Start of Data shown

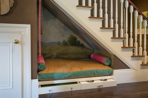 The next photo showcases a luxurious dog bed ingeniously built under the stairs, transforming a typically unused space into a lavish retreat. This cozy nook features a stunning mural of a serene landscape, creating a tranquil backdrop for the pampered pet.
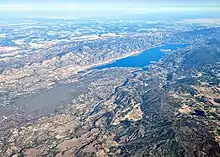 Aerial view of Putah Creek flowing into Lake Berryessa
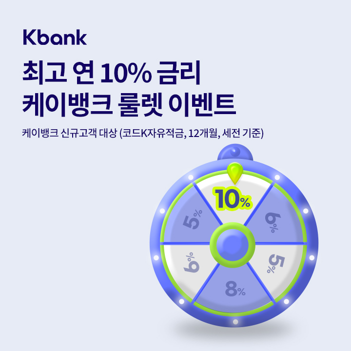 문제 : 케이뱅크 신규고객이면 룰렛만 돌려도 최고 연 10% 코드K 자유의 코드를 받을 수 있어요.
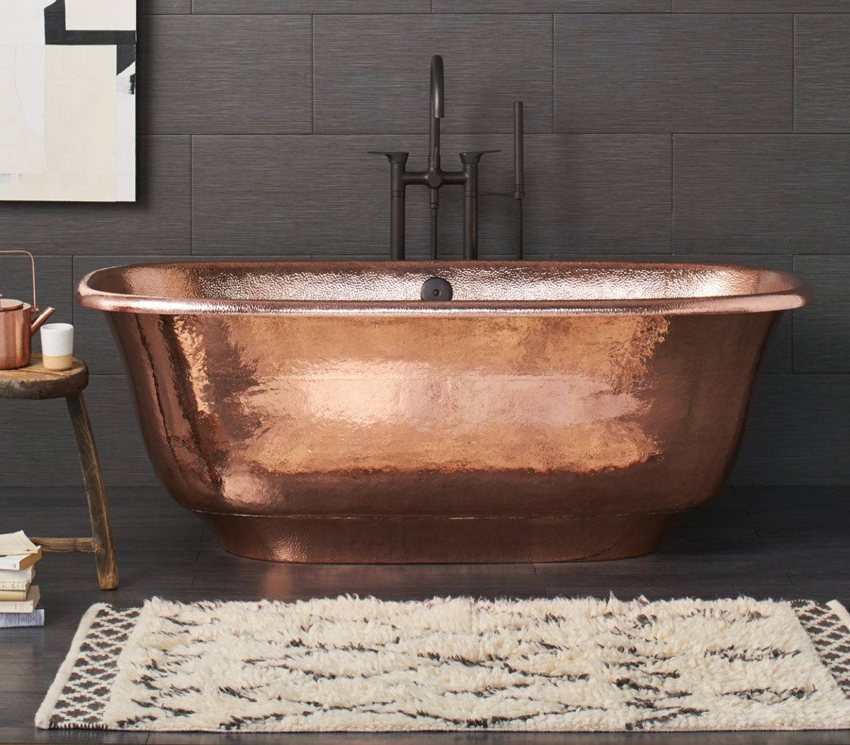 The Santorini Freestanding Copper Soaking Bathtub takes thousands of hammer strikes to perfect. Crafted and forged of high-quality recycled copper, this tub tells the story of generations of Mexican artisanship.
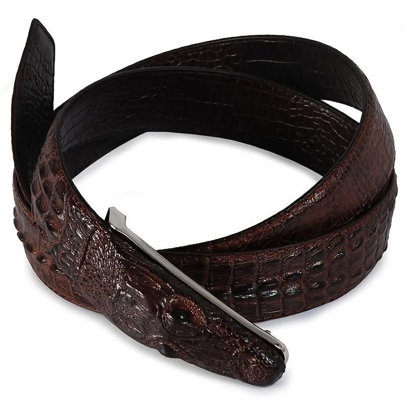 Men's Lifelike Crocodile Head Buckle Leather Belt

End of Data shown

*Exercise goal*:
The pictures stay out; repeat exactly the lines from the one with "The Santorini Freestanding" to the end of the entries above, and nothing else.

*Written solution*:
 The Santorini Freestanding Copper Soaking Bathtub takes thousands of hammer strikes to perfect. Crafted and forged of high-quality recycled copper, this tub tells the story of generations of Mexican artisanship.
 Men's Lifelike Crocodile Head Buckle Leather Belt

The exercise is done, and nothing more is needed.